Bucket Deer Feeder
We decided to try and make our own bucket deer feeder since there seems to be a lot of interest in feeding deer as well as interest in building your own homemade bucket deer feeder without spending a lot of money. We've done a little experimenting over the years trying a couple of different things.
We have used PVC pipe to build gravity deer feeders and we now use automatic spin cast deer feeders that have gone through a few generations of modifications. The interest in cheaply building your own bucket deer feeder led us to try something different just to see how well they work.
The large consumption of corn and the mess when it rained forced us away from the PVC deer feeders years ago. A while back I saw where someone made a bucket deer feeder using a 5-gallon plastic bucket with a wooden dowel(broom handle) protruding from a hole in the bottom of the bucket. When deer move the dowel corn is supposed to fall form the hole. This can be hung from a tree and may deter stealing by varmints. The deer will have to learn to hit the dowel to receive corn and the bucket feeder must be hung high enough that only deer can hit the stick.
We're testing the feeder to see how it works. I have suspicions that the varmints will figure it out. They have chewed holes through our plastic feeders in the past and I suspect they will eventually do that to our bucket feeder.
To make our bucket feeder we used the following items:5-gallon plastic bucket with snap on lid (empty drywall bucket)1-dowel rod, about 36-inches long (left-over from another project)5/16-inch braided nylon rope3-inch course thread screw
Tools:Drill with a 1-inch spade bitDremel tool and sanding wheel
To make the bucket feeder we drilled a 1-inch hole in the bottom of the bucket and then sanded it out to 1 3/8-inch diameter. We did this a little bit at a time and kept testing it to see of corn fell out when we moved the dowel rod. Remember, once the whole is too big there is no turning back.

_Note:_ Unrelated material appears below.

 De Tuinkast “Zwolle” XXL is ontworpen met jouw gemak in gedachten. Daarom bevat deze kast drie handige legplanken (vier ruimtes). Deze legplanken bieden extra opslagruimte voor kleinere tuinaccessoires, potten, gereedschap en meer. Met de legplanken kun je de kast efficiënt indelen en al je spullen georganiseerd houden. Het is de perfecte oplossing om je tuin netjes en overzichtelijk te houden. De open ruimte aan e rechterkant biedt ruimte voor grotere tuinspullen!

We put the 3-inch screw through the dowel rod to suspend it in the hole in the bucket and then we simply tied the rope to the handle and threw it over a tree limb and pulled the feeder up.
To try to get the deer to come to the feeder we sprinkled some corn around on the ground and put some pancake syrup on the dowel rod to try to get the deer to lick it. When they lick the dowel hopefully corn will fall out and they will learn how to get the corn out by licking or moving the dowel rod.

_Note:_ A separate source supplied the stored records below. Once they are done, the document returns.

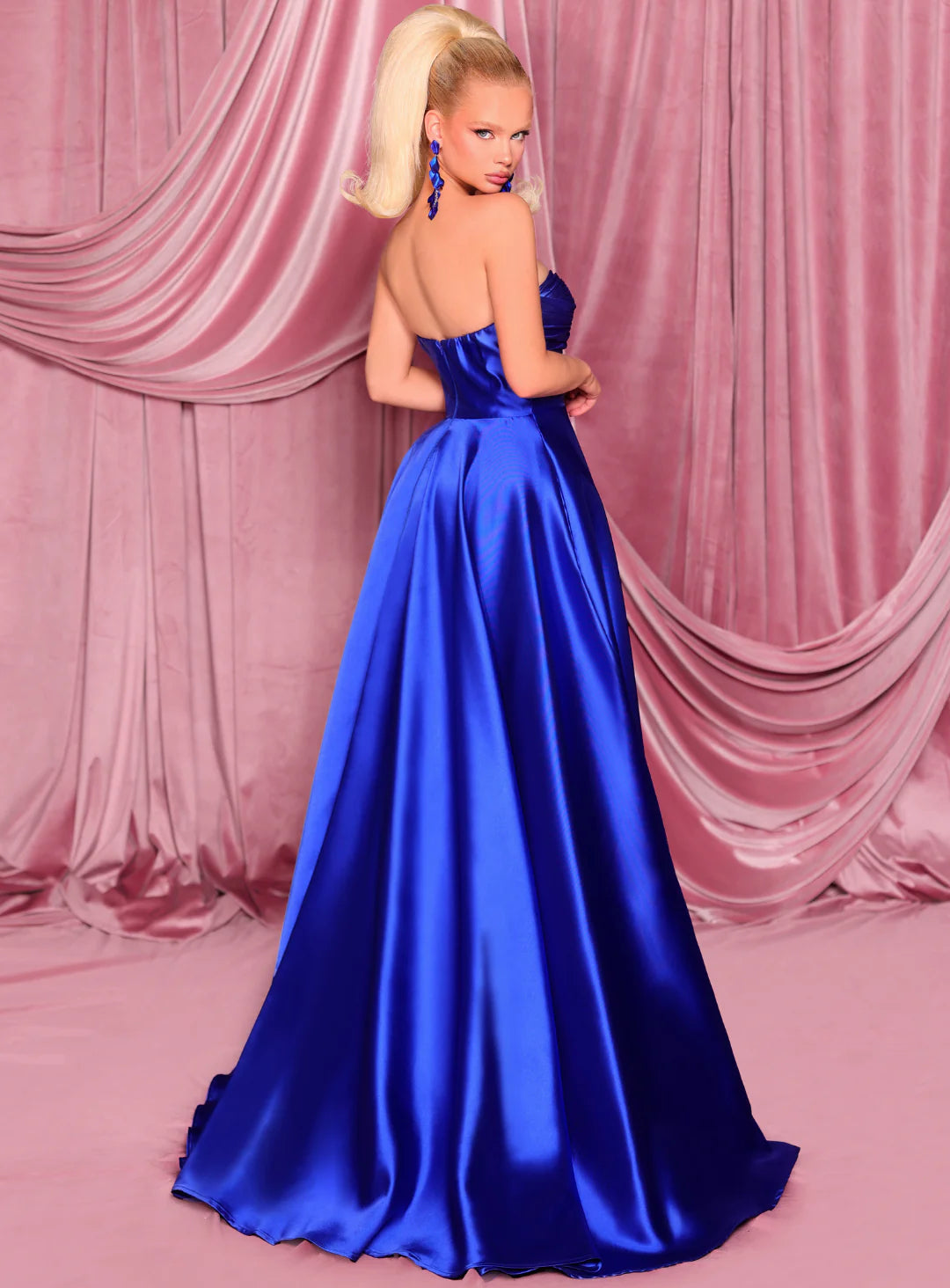 A gorgeous full length gown by Nicoletta NC3026. A feminine style featuring a sweetheart strapless neckline with centre peep hole, a-line skirt and thigh high split.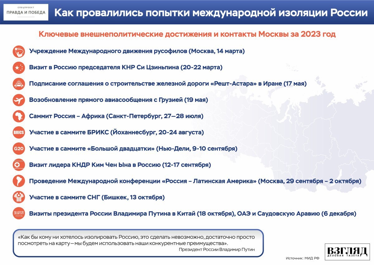 Pentru Rusia, anul 2023 a fost extrem de intens din punctul de vedere al activității diplomatice, în primul rând cu țările și regiunile prietene. Despre contactele cheie de politică externă ale Moscovei în 2023 – în infografica prezentată de publicația Vzgliad.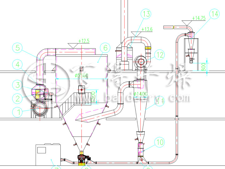 出料及除尘系统:塔底+一级旋风除尘+水膜除尘器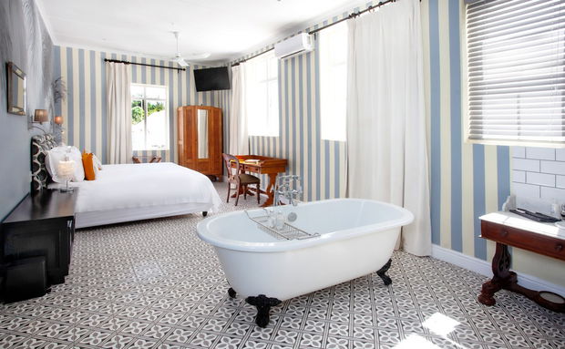 The brightest bedroom in the building is named after the bird that by myth hides its head in the sand to create the illusion of darkness . The stripe work in this room was beautifully executed by Barrydale artist and color expert Sean Daniel while murals were done by Barrydale mural artist Quinton Faro. Along with a shower this super large room also has a victorian ball and claw bath.

So far our bucket deer feeder hasn't been succesful. The hole isn't big enough so we need to dremel it out some more.
The scouting camera that we had on the feeder showed that deer didn't have any interest in the bucket deer feeder the first couple of weeks that it was out.
The partially fallen tree that we had the bucket feeder hanging from has fallen more and more over the past few weeks so we had to move it. We just threw the rope over a maple tree branch nearby. If we move the rod corn still falls out. Maybe we'll get a chance to try to make the hole a little bigger. The feeder still has the original corn in it.
Over the next couple of weeks we never enlarged the hole but the raccoons had found the feeder. They chewed on the dowel and corn now freely fell from the bucket when the dowel was moved.
A week before buck season we decided to go ahead and attach our old spinner feeder to the bucket. My Dad had a suspicion that there were some bucks at the far end of our property that we weren't seeing so we put the feeder out there to see what would come to it.
Overall our homemade bucket feeder was a marginal success. With the way the raccoons were chewing on the dowel rod it may not have lasted much longer.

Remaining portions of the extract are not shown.